# Basements and allowable area in the 2012 IBC



## Markmax33 (Sep 29, 2013)

I'm trying to summarize the requirements for basements in the 2012 IBC when it comes to allowable area in a building.  Can somebody please confirm my logic or correct me?

506.4 Single occupancy buildings with more than one story.

The total allowable building area of a single occupancy building with more than one story above grade plane shall be determined in accordance with this section. The actual aggregate building area at all stories in the building shall not exceed the total allowable building area.

Exception: A single basement need not be included in the total allowable building area, provided such basement does not exceed the area permitted for a building with no more than one story above grade plane.

506.5 Mixed occupancy area determination.

The total allowable building area for buildings containing mixed occupancies shall be determined in accordance with the applicable provisions of this section. A single basement need not be included in the total allowable building area, provided such basement does not exceed the area permitted for a building with no more than one story above grade plane.

1.  If you have a single basement it does not count toward the allowable area of the building under any circumstances.

2.  The single basement must not exceed the area permitted for a building with no more than one story above grade plane.  I take this to mean that you pretend the basement is a one story building and apply the building code to it and figure out the allowable area.

Here's where it get a little murkier for me:

3.  If you have more than one basement - those basements most be included in the allowable are for the building calculation.  You do not need to include the first basement though.  It seems to say that in the 506.4 commentary.

4.  I do not see a maximum number of basements.  I guess once you get too many basements you end up at an underground building?

5.  The fire areas for the basements could theoretically span from the basement vertically up to the 1st floor and maybe beyond?  Generally you would see rated construction but maybe you would see a Type IIB building where that fire area spanned multiple floors.

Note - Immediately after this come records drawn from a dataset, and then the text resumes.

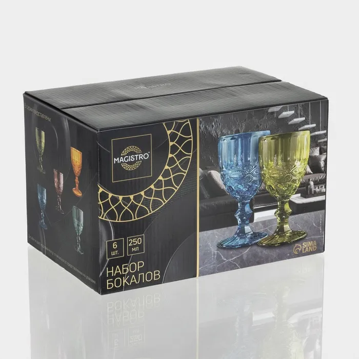 Бокалы для вина Magistro «Ла-Манш», 250 мл, 9×15.2 см, стекло, набор 6 шт., зелёные — Характеристики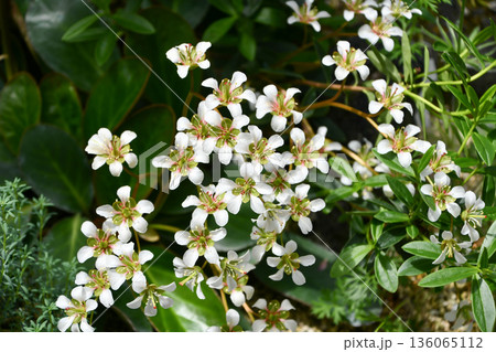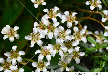春の光を浴びて輝く満開のヒマラヤユキノシタの花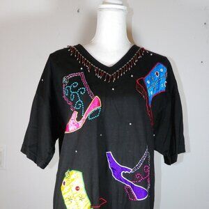 BOOTS Victoria Jones Appliqued Embellished Beaded Tee Shirt Women's Size Large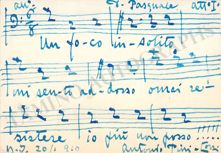 Business card of music fan Gladys Greeley signed by baritone Pini-Corsi with an 8-bar music quote from Donizetti's Don Pasquale, dated 1910. Size is 2.8 x 2 inches, in excellent condition.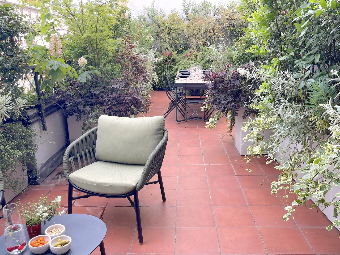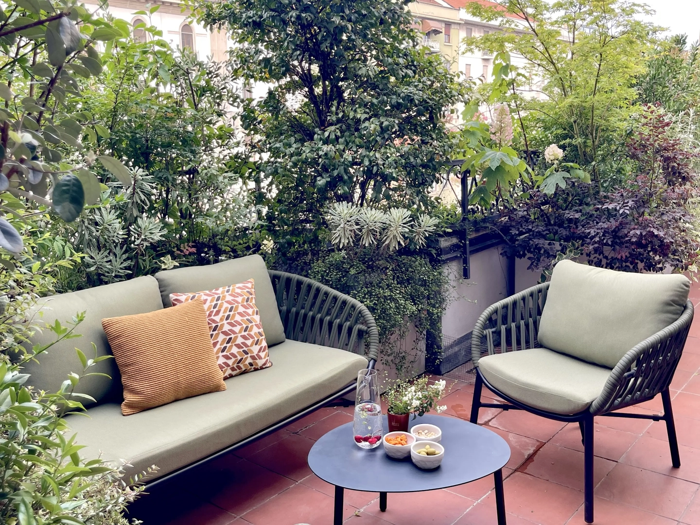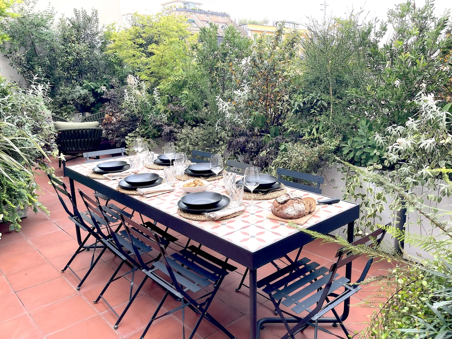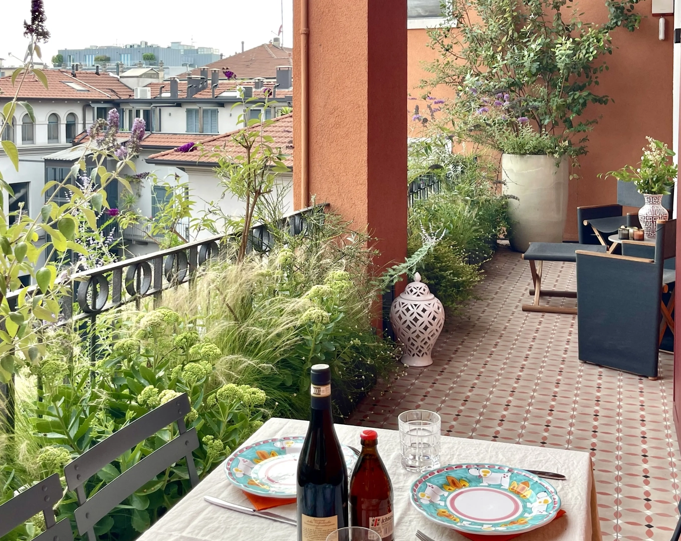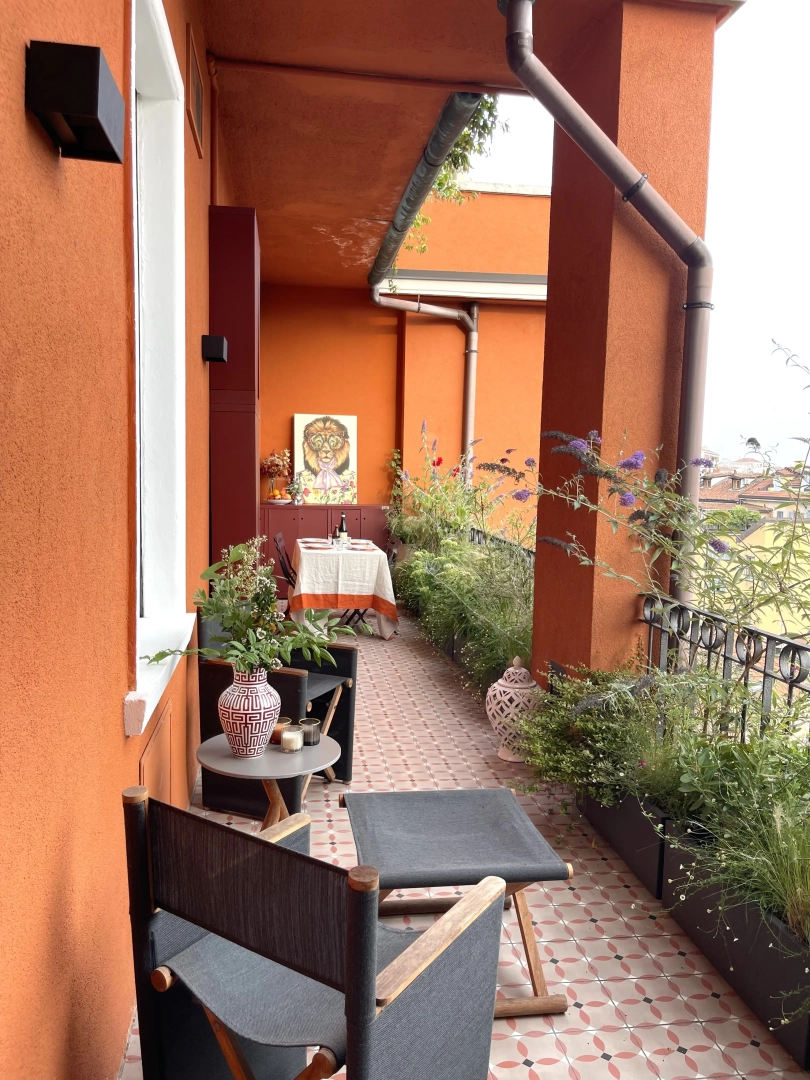Due terrazzi per una casa, diversamente esposti, ma entrambi votati all’accoglienza e alla convivialità. Quello più ampio accoglie, oltre al tavolo da pranzo ed alla zona salotto, una zona cucina dove preparare succulenti BBQ: pur essendo immersi nel verde, ovunque le piante convivono armoniosamente con gli spazi funzionali, vivacizzandoli senza interferenze. Il terrazzo più piccolo, lungo e stretto, crea un’ambiente informale ma sofisticato per un pranzo romantico o uno spuntino veloce, per leggere il giornale godendo della vista del panorama circostante o per una chiacchierata rilassata sorseggiando un drink. Con la calda complicità del color arancio.

Thanks for any advice in advance!


----------



## RLGA (Sep 30, 2013)

1. Correct.

2. Correct.

3. Correct.

4. Correct.  When the floor level of a basement is located more than 30 feet below the lowest level of exist discharge, then the building must conform to the requirements for underground buildings.  Whether or not basement levels are part of an underground building, the areas of the basements (excluding the first level basement) must be included when determining compliance with allowable building area.

5. Yes, if stories are not separated.


----------